Totally agree w/both Reinier and Al. I think ALOT of it has to do with amount of time spent together and subsequent bonding. I see comical traits in my dogs that are obviously handler-induced, but they absolutely have their own character and personality. I think this has gotten a little deeper than ther orignal quote that started it, but it's an interesting topic. I think it takes a certain amount of respect for the dog, as a dog, to even have the type of bond necessary to impart characteristics.


----------



## Diana Matusik (Apr 29, 2006)

I feel this quote is quite relevant. It goes down to the character of a person. A person who is weak-minded will have an insecure dog who may be fearful or even dominant over the handler. An owner who is extremely laid back in life may also have an untrained dog. One who cannot raise children "right" (and that is subjective but I am saying whether the kids are bratty hellspawn or decent human beings) probably also cannot handle raising dogs (and vice versa). One who abuses the dog will tell you much about how that person may handle other aspects of life- will s/he abuse the kids as well? 

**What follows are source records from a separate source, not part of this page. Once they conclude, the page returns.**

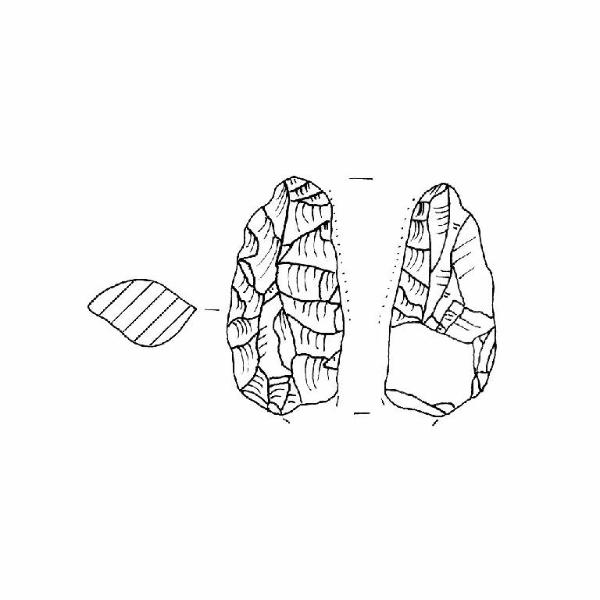 Raschiatoio foliato multiplo. Ritocco piatto, coprente, bifacciale. Margini sinistro convesso destro rettilineo, lato superiore arrotondato. Sezione bombata. Superficie lucida, tracce di gloss sul margine sinistro. Colore grigio 2,5Y5/0.
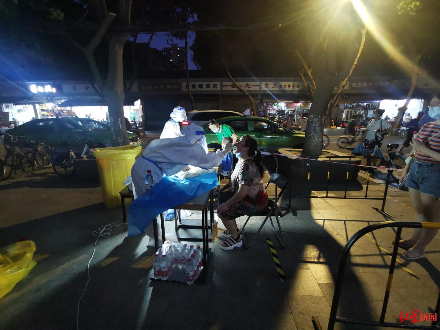 晚上8点,检测人员进行轮换,其中一人脱掉防护服,后背的衣服已全部湿透,脸上还有明显的防护镜压过的痕迹。该名检测人员告诉红星新闻记者,现场一共有4名检测人员,2人一组,一小时轮换一次,直到社区人员检测完毕。
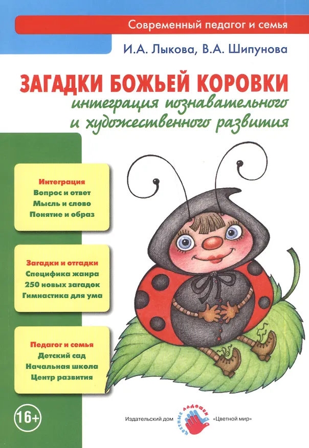 Книга расширяет представление о развивающем и воспитательном потенциале загадок, дает характеристику основных видов, показывает значение загадок в процессе интеграции познавательной и художественной деятельности детей дошкольного и младшего школьного возраста. Включает более 250 новых загадок, представленных по классическим темам: игрушки, огород, цветы, насекомые, домашние и лесные животные, зоопарк, море, инструменты, профессии. Предлагает варианты творческих занятий с детьми на основе загадок (лепка, аппликация, рисование). Адресована воспитателям детских садов, учителям начальной школы, родителям, бабушкам, дедушкам, гувернерам и всем, кто любит отгадывать загадки.
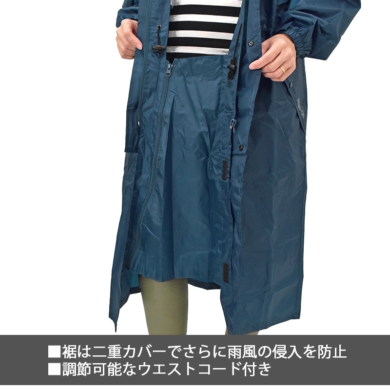 ロング丈プラス、足元は二重構造で雨の侵入を防ぎます。

A person has his/her ways of living and handling all that life throws down and that will translate into how the dog is raised. Even if a dog doesn't work out for a particular person it goes deeper than "oh s/he's just not a good trainer." It could be the handler tried everything in his/her power, consulted true professionals, went to seminars, tried this method then that method, sticking it through until every option is exhausted before realizing it's just not going to work. This speaks volumes of a person, more so than someone who gives up immediately as in those who dump dogs at shelters because "she's not housebroken."


----------